*TASK REQUIREMENTS*
Among the entries below, only the lines from the one with "Hex #57553b Color" through the one with "Cette affiche, c'est" are wanted, reproduced exactly. Pictures are not wanted.

*DATASET CONTENT*
------------------------------------
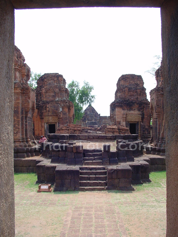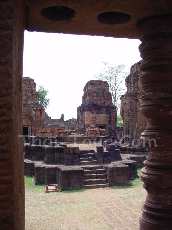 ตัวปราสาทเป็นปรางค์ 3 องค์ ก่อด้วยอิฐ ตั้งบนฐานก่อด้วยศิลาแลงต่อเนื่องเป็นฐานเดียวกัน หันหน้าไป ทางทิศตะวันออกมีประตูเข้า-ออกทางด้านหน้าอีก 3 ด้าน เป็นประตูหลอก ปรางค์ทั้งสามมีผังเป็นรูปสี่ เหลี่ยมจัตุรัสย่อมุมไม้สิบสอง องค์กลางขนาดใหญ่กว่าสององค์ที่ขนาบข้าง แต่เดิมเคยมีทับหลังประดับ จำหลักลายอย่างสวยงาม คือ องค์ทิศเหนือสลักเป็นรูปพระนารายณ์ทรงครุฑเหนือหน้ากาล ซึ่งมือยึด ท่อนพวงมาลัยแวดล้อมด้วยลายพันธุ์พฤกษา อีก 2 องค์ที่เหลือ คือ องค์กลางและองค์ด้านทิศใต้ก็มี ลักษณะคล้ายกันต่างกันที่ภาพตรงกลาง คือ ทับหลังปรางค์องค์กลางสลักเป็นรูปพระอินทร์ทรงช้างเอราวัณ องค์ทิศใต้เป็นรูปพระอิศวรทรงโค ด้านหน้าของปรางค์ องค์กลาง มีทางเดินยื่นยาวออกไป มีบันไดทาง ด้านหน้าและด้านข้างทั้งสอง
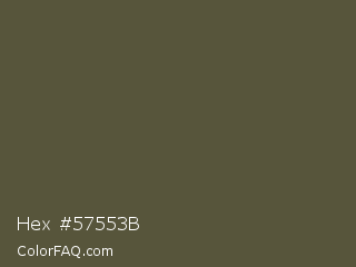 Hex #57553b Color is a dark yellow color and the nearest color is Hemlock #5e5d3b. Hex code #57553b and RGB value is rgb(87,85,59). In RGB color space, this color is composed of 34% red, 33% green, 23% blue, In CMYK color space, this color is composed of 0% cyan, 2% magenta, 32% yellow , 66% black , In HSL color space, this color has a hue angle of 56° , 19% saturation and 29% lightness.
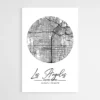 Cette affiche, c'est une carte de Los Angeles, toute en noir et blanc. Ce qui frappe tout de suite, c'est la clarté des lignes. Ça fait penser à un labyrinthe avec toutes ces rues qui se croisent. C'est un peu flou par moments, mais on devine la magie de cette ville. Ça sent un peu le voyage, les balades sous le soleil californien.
------------------------------------
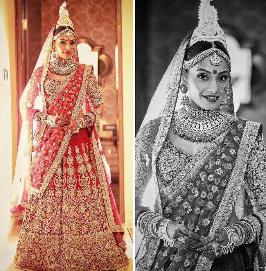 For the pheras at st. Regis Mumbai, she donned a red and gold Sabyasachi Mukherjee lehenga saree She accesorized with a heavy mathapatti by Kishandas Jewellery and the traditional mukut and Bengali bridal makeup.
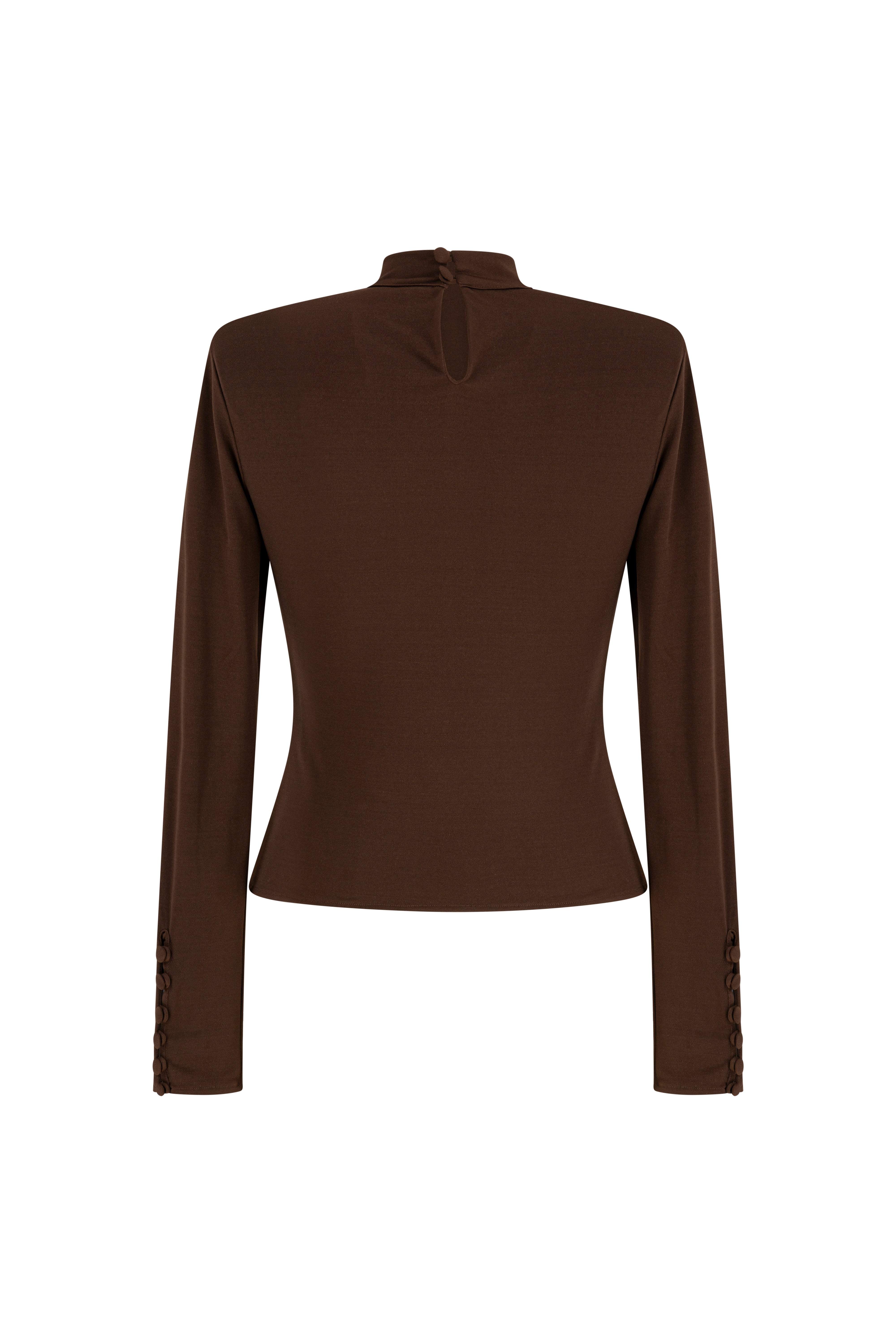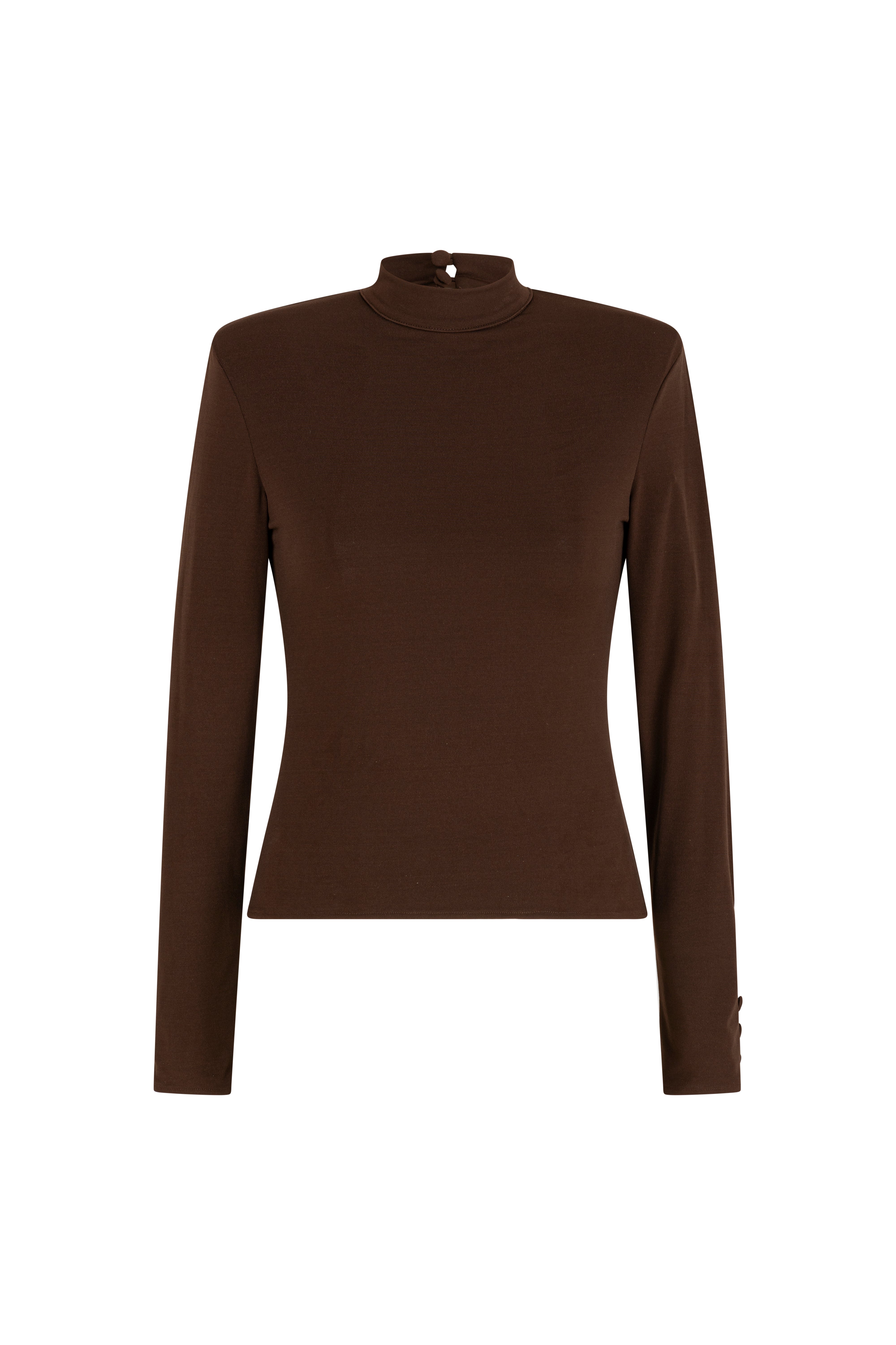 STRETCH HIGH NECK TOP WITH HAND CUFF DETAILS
------------------------------------
*WRITTEN ANSWER*
 Hex #57553b Color is a dark yellow color and the nearest color is Hemlock #5e5d3b. Hex code #57553b and RGB value is rgb(87,85,59). In RGB color space, this color is composed of 34% red, 33% green, 23% blue, In CMYK color space, this color is composed of 0% cyan, 2% magenta, 32% yellow , 66% black , In HSL color space, this color has a hue angle of 56° , 19% saturation and 29% lightness.
 Cette affiche, c'est une carte de Los Angeles, toute en noir et blanc. Ce qui frappe tout de suite, c'est la clarté des lignes. Ça fait penser à un labyrinthe avec toutes ces rues qui se croisent. C'est un peu flou par moments, mais on devine la magie de cette ville. Ça sent un peu le voyage, les balades sous le soleil californien.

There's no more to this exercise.